Cash got in front of him before he could start for the door. “Sit down.”
“Like hell I will!”
“I said, sit down!”
Cash pushed him back into the chair and stood over him, powerful and immovable. “Remember who and what you are,” he said forcefully, his dark eyes even and steady on his brother’s. “You can’t go raging out of here like a mad dog, chasing shadows. You don’t even have a suspect. What are you going to do, run cheek swabs on every male in Jacobs and Tarrant Counties?”
Said like that, it sounded absurd. But Garon wasn’t thinking straight. He was furious. He wanted to hurt someone. He wanted to find the sexual predator and strangle him slowly with his own hands. He couldn’t remember feeling such mindless rage. At least not since he’d lost his own love, so long ago…
But he’d lived in the past too long already. He’d used it to ward off any emotional ties, to keep himself safe from another relationship. He was alone, by choice. But Grace had paid the price for his escape. He’d savaged her to save himself. She would never forgive him…
He stared up at Cash with dawning realization. Grace had come out of the dark nightmare that was her life to reach out toward Garon with hope and breathless anticipation. He’d knocked her back, savaged her verbally and emotionally. He’d frightened her so badly in the café that she’d backed away from him, shaking like a leaf. He’d done that to her, when her only crime was that she wanted to love him.
His eyes closed on a wave of pain. Grace had sent Marquez to El Paso to dig up the most horrible chapter in her life. She’d done it not for herself, but to try to save some other child from what she’d endured. She was willing to take the risk that reopening the case might bring the killer back to finish the job he’d started.
In a flash he saw what he’d missed from the minute Cash gave him the file folder.

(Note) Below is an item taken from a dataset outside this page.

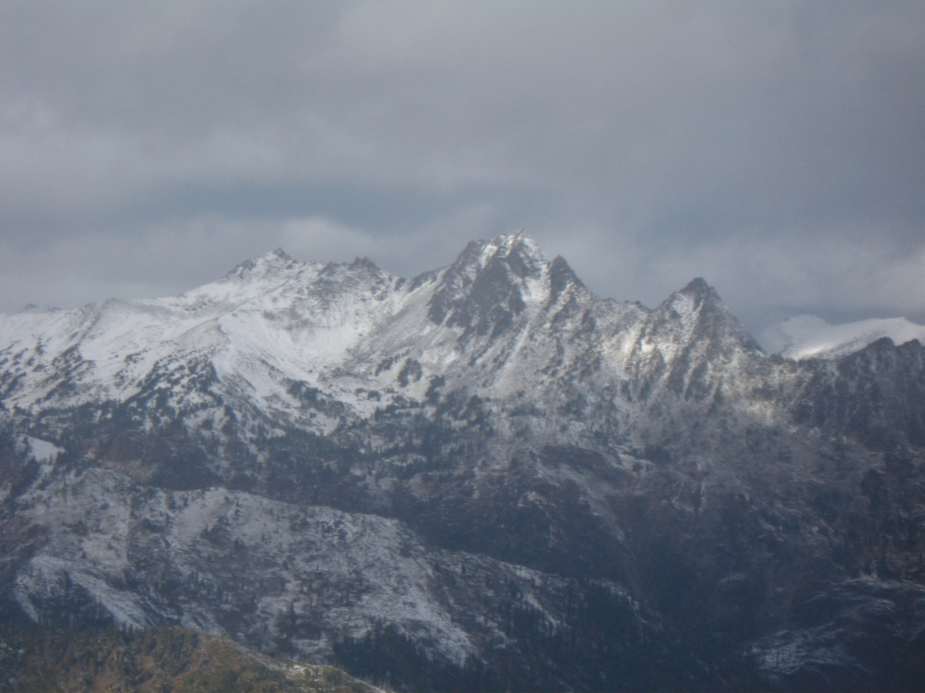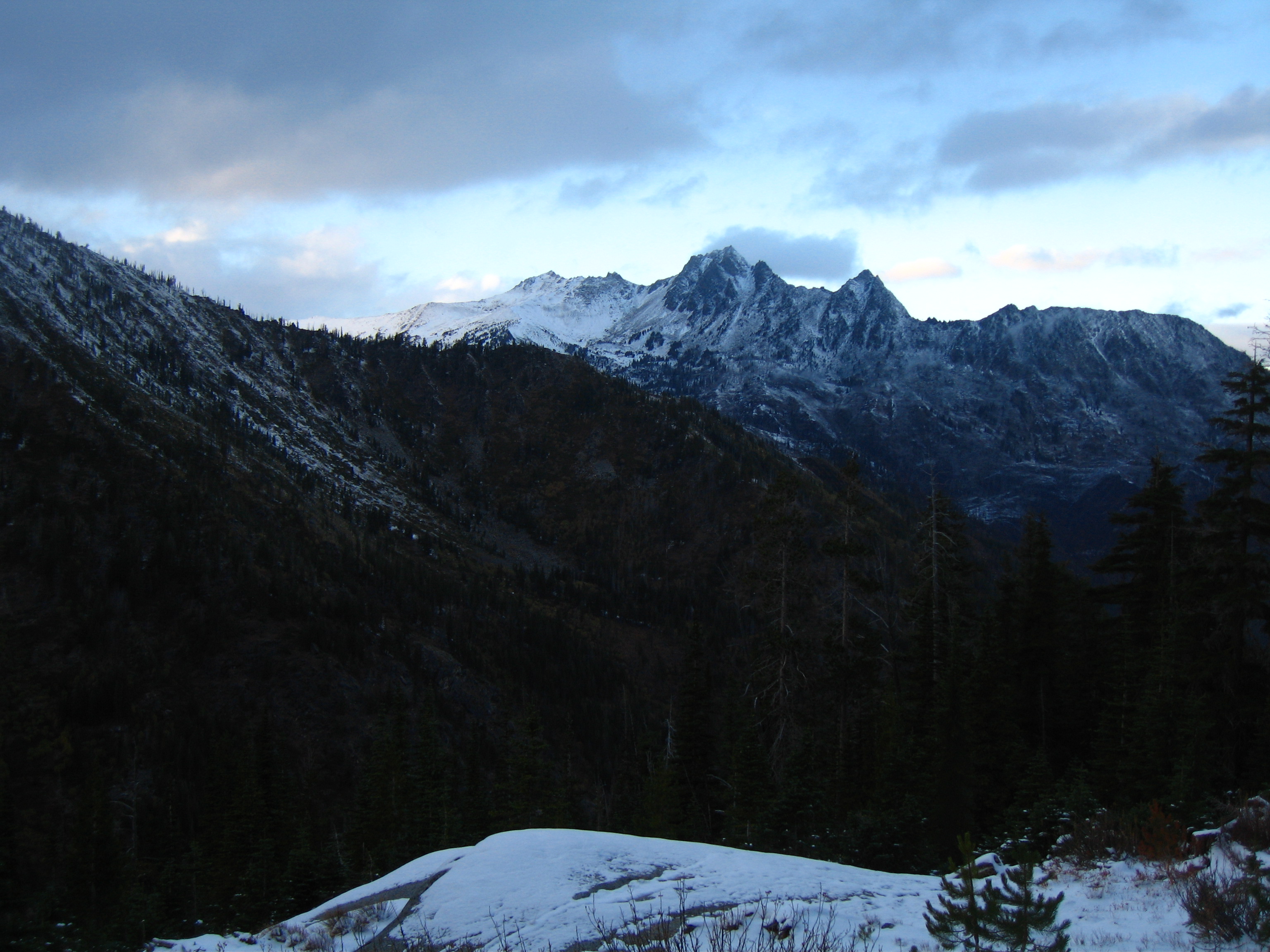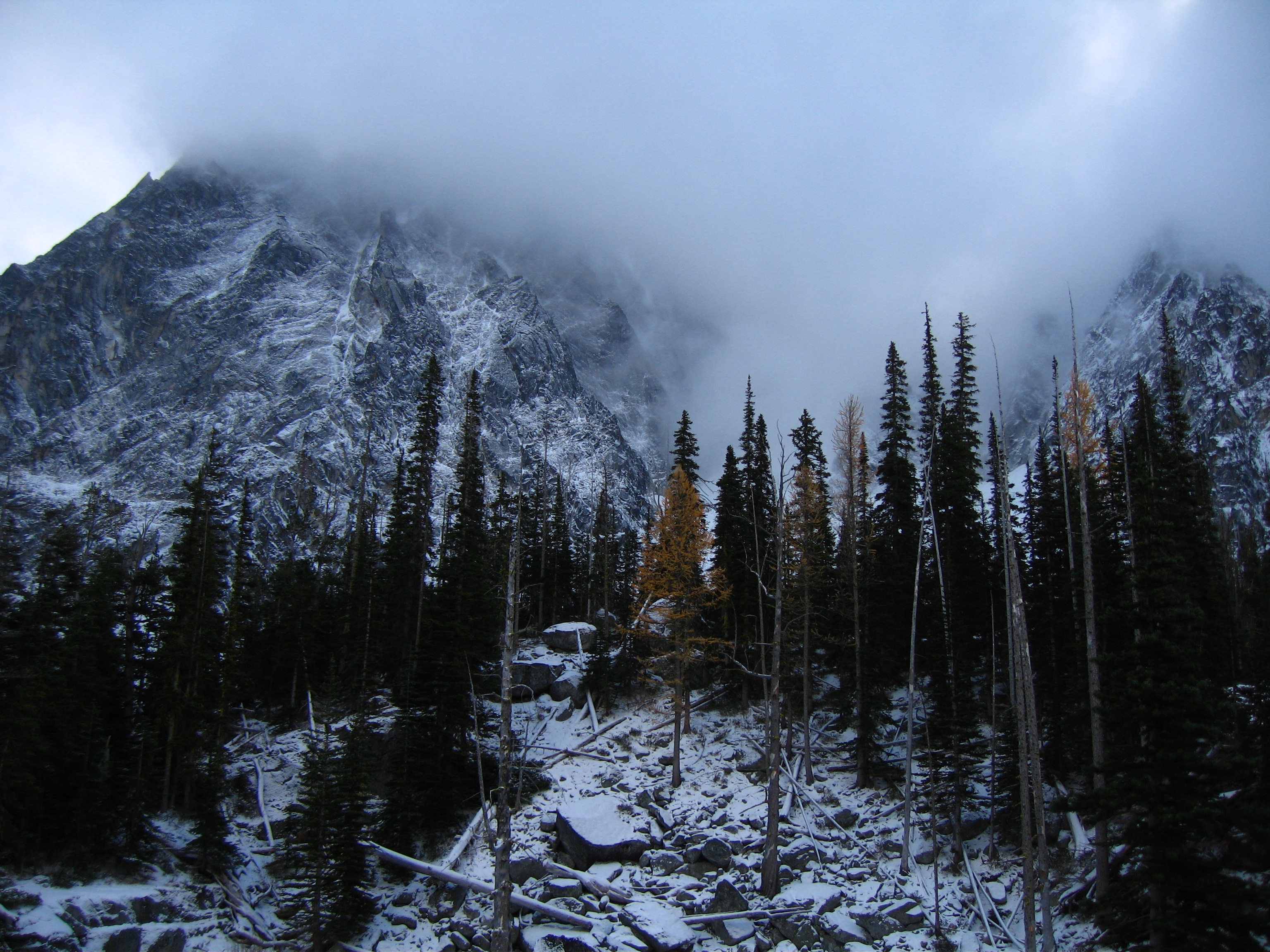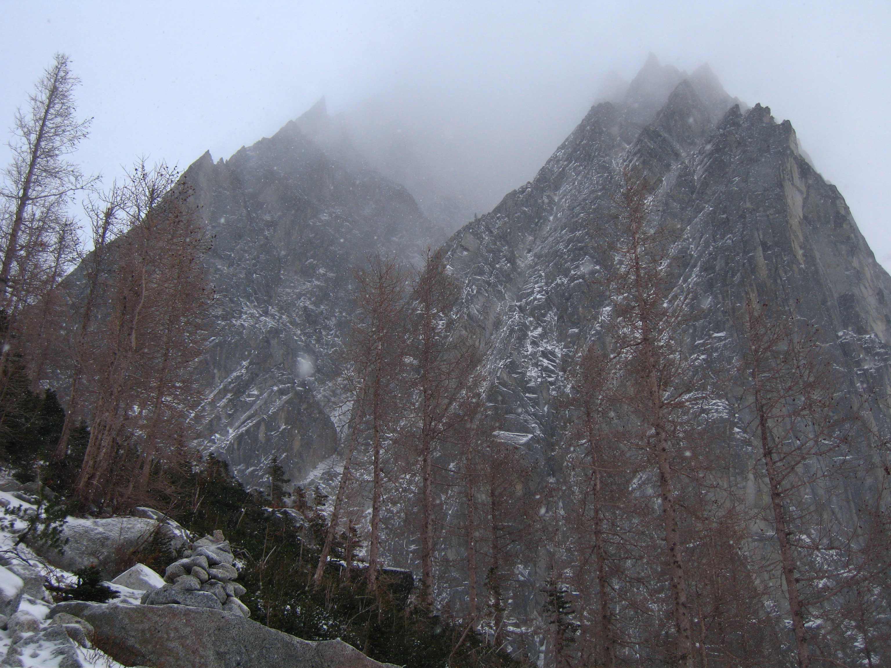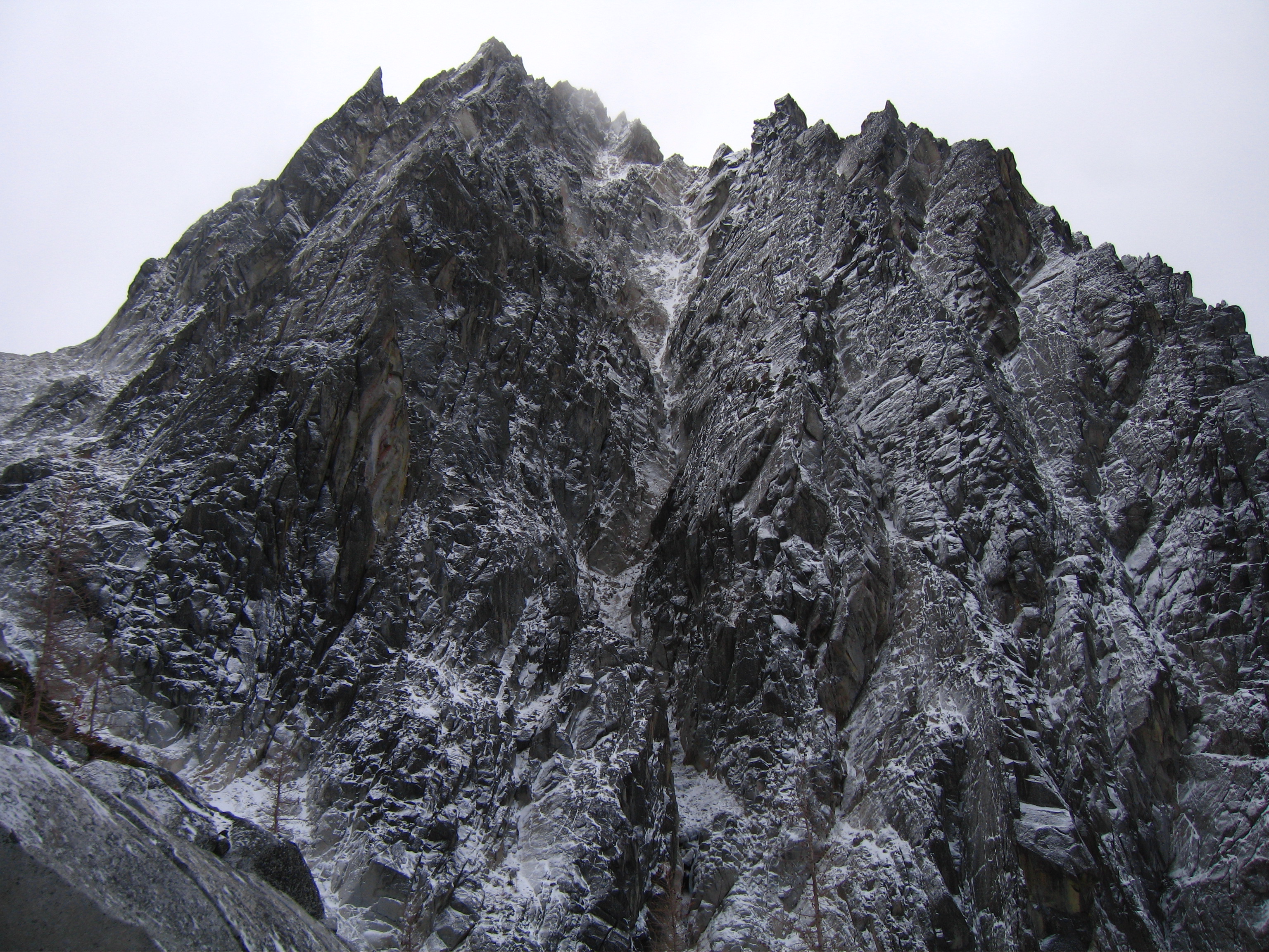 Yesterday I climbed Dragontail Peak with my friends Josh and Amy. We hiked up to Colchuck Lake Friday in the dark and camped. Woke up to a light falling snow but it soon became partly cloudy with some fantastic views that got better and better as we headed up Aasgard Pass. Upper Enchantment Basin got about 10 inches of snow Friday night and Colchuck Lake got about 2 inches. No snow fell on Sunday except for around a half inch just after dard when we hiked out.

Grace was the only person alive who could identify the child killer. And sharing the case with police might get her killed, as well.
CHAPTER 12
IT WAS A LONG DRIVE to Victoria. Saturdays in early spring brought all the weekend adventurers out on the highway. Usually Garon didn’t mind bottlenecks, but he was anxious to get to his destination. He wasn’t sure how he was going to manage it, but he had to coax Grace into coming home.
He’d phoned Marquez’s cell phone, but he hadn’t gotten an answe
r. Probably the younger man was still furious and unwilling to talk to him. He couldn’t blame him. The detective loved Grace. It wouldn’t sit well with him that Garon had caused her so much pain.

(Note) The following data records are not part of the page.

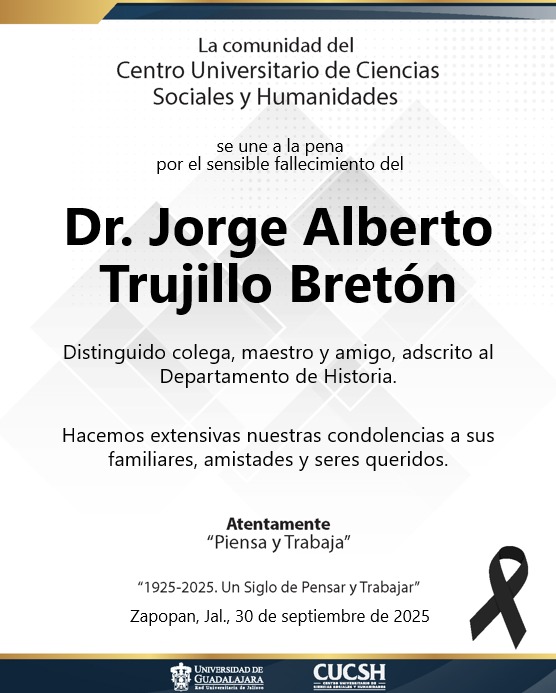 La comunidad del Centro Universitario de Ciencias Sociales y Humanidades lamenta profundamente el sensible fallecimiento del Dr. Jorge Alberto Trujillo Bretón, distinguido colega, maestro y amigo, adscrito al Departamento de Historia.
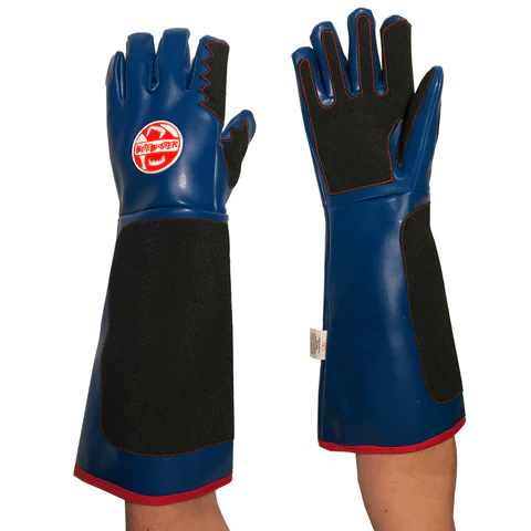 The all new “son of beast” – descendant of “THE BEAST”! Same core glove with extra grippy patch puncture resistant material over most of the glove with double reinforced finger and thumb tips, and middle of hand between index and thumb where most bites occur. 26″ (66cm) gauntlet.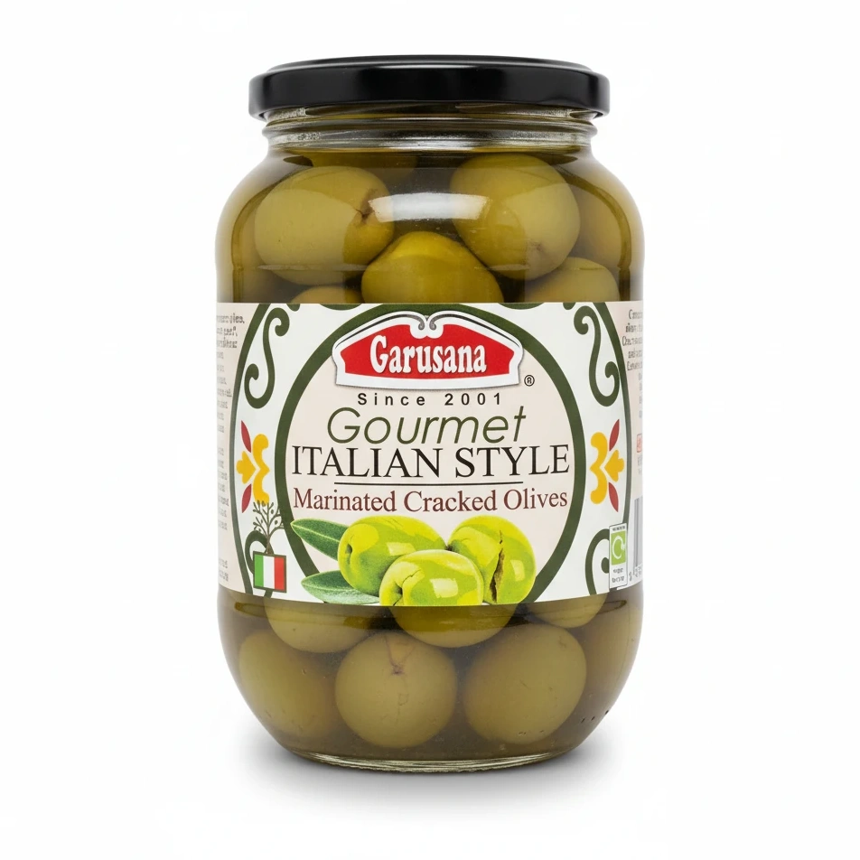 Brighten your meals with these Garusana Gourmet Italian Style Marinated Cracked Olives. Expertly prepared using cracked green olives, this rich and flavourful product brings a distinctive Italian touch to your dining table.

He was wearing a lightweight jacket, which he probably wasn’t going to need. It was a warm, sunny day. The SUV ahead of him had a canoe lashed to its rack and fishing poles sticking out of the back window. Fishing. He grimaced, recalling how he’d overreacted when he found Grace at the local fishing pond.
Her cousin lived back off the road in a grove of pecan trees. There was a dirt driveway that led up to the house. It was an old house, simple white clapboard, one story, with two chimneys and a long front porch that contained rocking chairs, a settee and a swing, all painted green. Off to the side was a large pond with a pier. He glanced toward it and blinked. Grace was out there, dressed in knee-high cutoffs and a red T-shirt, bending over what looked like a minnow bucket.

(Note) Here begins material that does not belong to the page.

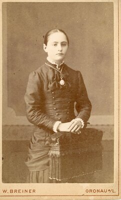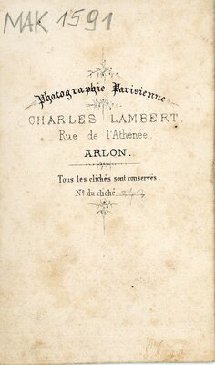 Die Frau steht im Studio vor einer hellen Leinwand an einem Postament. Sie trägt einen bodenlangen dunklen Rock mit einem Volant am unteren Ende. Das verlängerte Oberteil mit Schößchen hat lange Arme und ist reich mit Rüschen und Schleifen verziert. Darunter erkennt man eine helle Bluse mit langen Armen und kleinem Kragen. Ihr rechter Arm, an deren Hand sie einen Ring trägt, liegt auf dem Postament auf. Außerdem trägt sie eine lange dünne Kette, Ohrringe und eine kleine Schleife am Kragen sowie dunkle Schuhe.Sie hat die Haare nach hinten frisiert und schaut mit strengem Blick in die Kamera. Auf der Rückseite Werbung des Ateliers Charles Lambert aus Arlon.

He got out of the SUV and walked down to the pond, sunglasses hiding the apprehension in his dark eyes. The sunglasses were an individual thing now. But when he was in the elite Hostage Rescue Team, everyone copied the team leader’s sunglasses. Those had been good days, working tight with an expert group of men. His job now, even heading a crime unit squad, was less exciting. It was less stressful as well. Maybe that would seem like a benefit, one day.
Grace saw him coming and straightened. Her chin came up. She was barefoot and wore no makeup at all. Her long hair was in a braid that reached between her shoulder blades. She wasn’t wearing sunglasses and she wasn’t smiling. In one hand, she held a long cane pole with a cork, sinkers and a hook on the fishing line.